*** Dataset content

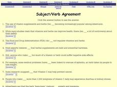 In this subject/verb agreement worksheet, students select the correct verb to complete sentences. Students may check answers by clicking on a "button."
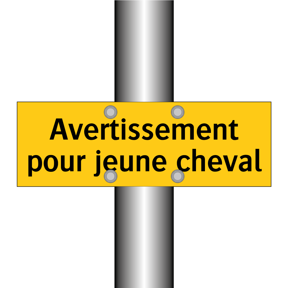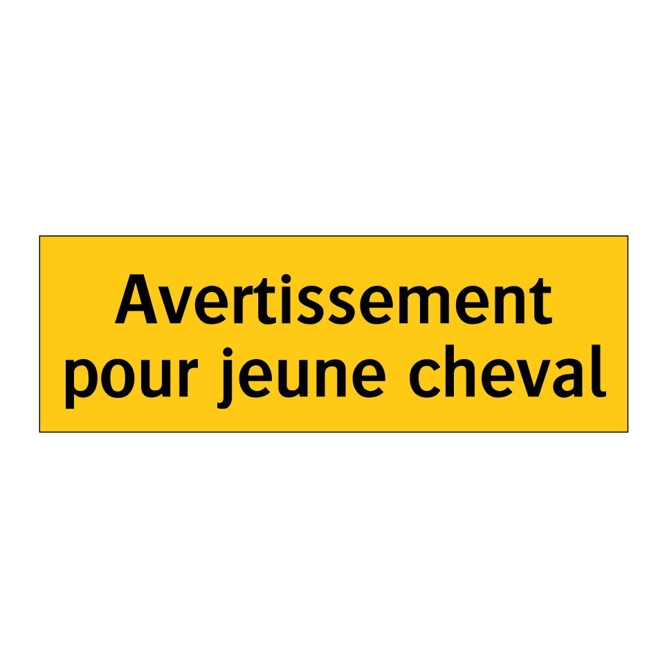 Panneau d'avertissement avec le texte : "Avertissement pour jeune cheval"
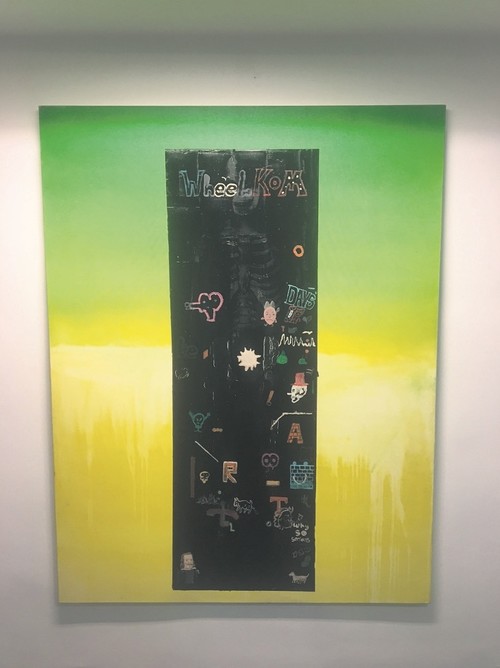 Aside the macabre horseman, he emphasizes his particular talent for opaque sable black of the darkest kind against a glaringly saturated, tawny lime palette. Out of a monolithic rectangle that seems to have been transported from the set of "A Space Odyssey," there emerges the white shades of human bones, a lower spine, a ribcage, a skull. Notebook sketches appear with a seeming randomness where the skeleton disappears, his eye sockets covered over with the multicolored lettering "Whellkom" (2017) to introduce viewers to the ghastly realms of the subconscious where mortal fears take shape.
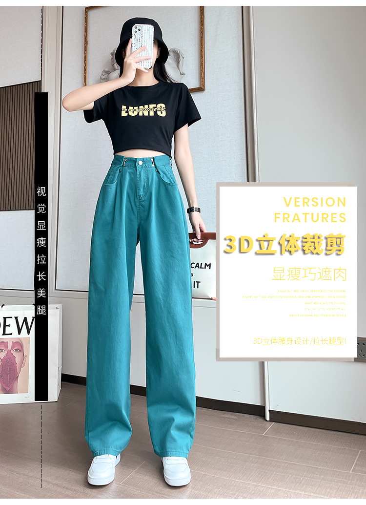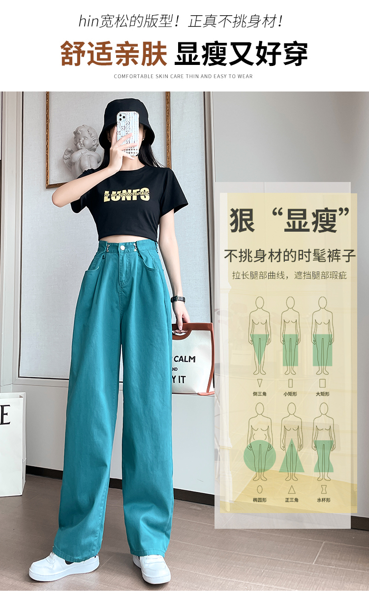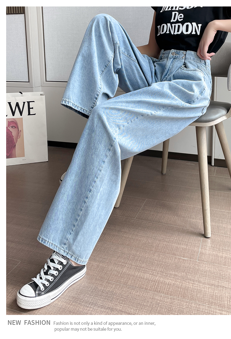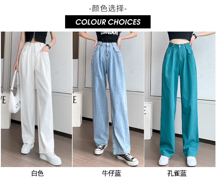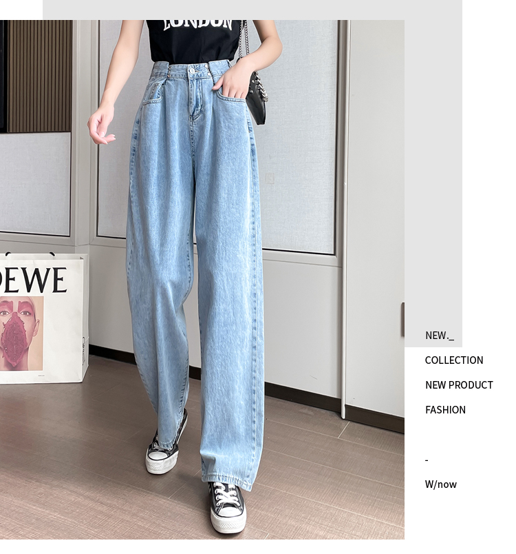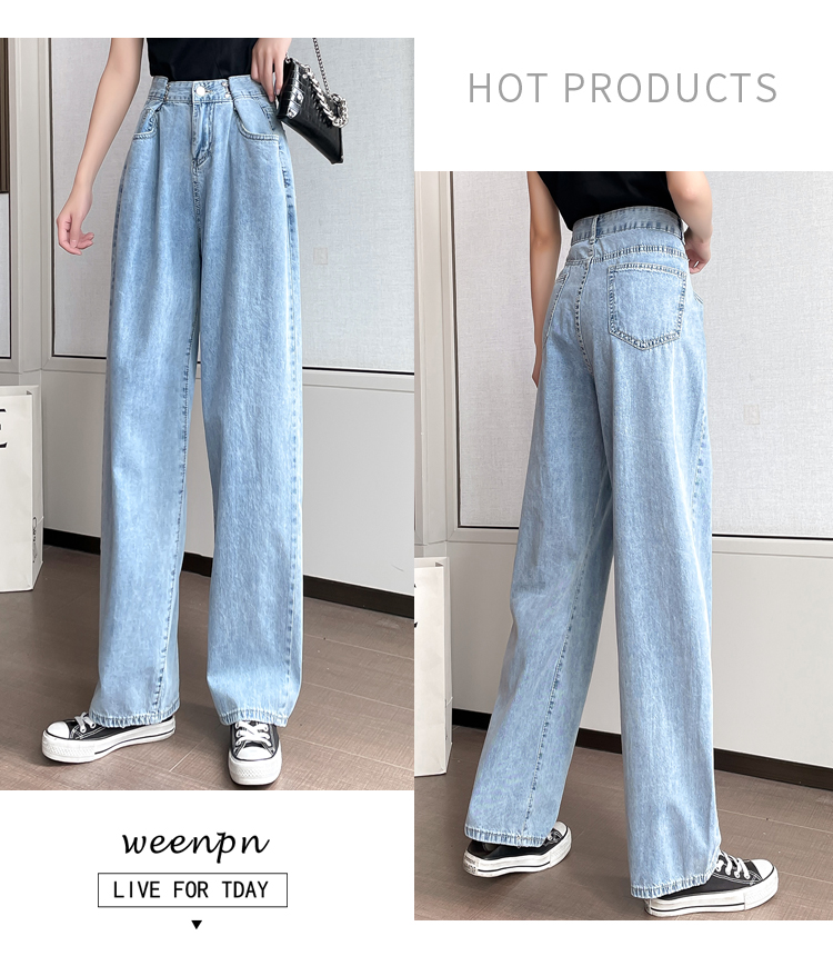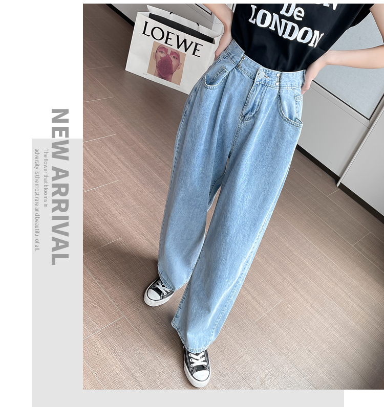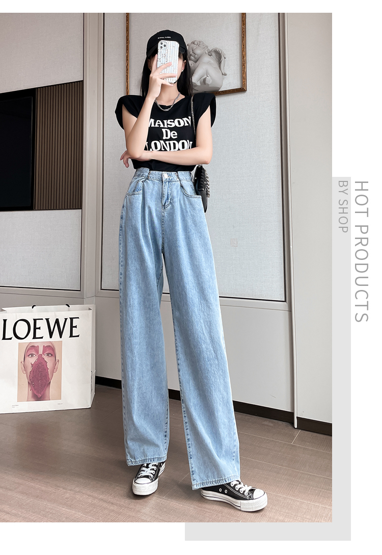高腰阔腿牛仔裤女2021年新款夏天薄款宽松显瘦设计感直筒拖地裤子

******

Problem to work on — Pictures are not part of the copy. Restate everything else in the listing word for word.

Answer space —
 In this subject/verb agreement worksheet, students select the correct verb to complete sentences. Students may check answers by clicking on a "button."
 Panneau d'avertissement avec le texte : "Avertissement pour jeune cheval"
 Aside the macabre horseman, he emphasizes his particular talent for opaque sable black of the darkest kind against a glaringly saturated, tawny lime palette. Out of a monolithic rectangle that seems to have been transported from the set of "A Space Odyssey," there emerges the white shades of human bones, a lower spine, a ribcage, a skull. Notebook sketches appear with a seeming randomness where the skeleton disappears, his eye sockets covered over with the multicolored lettering "Whellkom" (2017) to introduce viewers to the ghastly realms of the subconscious where mortal fears take shape.
高腰阔腿牛仔裤女2021年新款夏天薄款宽松显瘦设计感直筒拖地裤子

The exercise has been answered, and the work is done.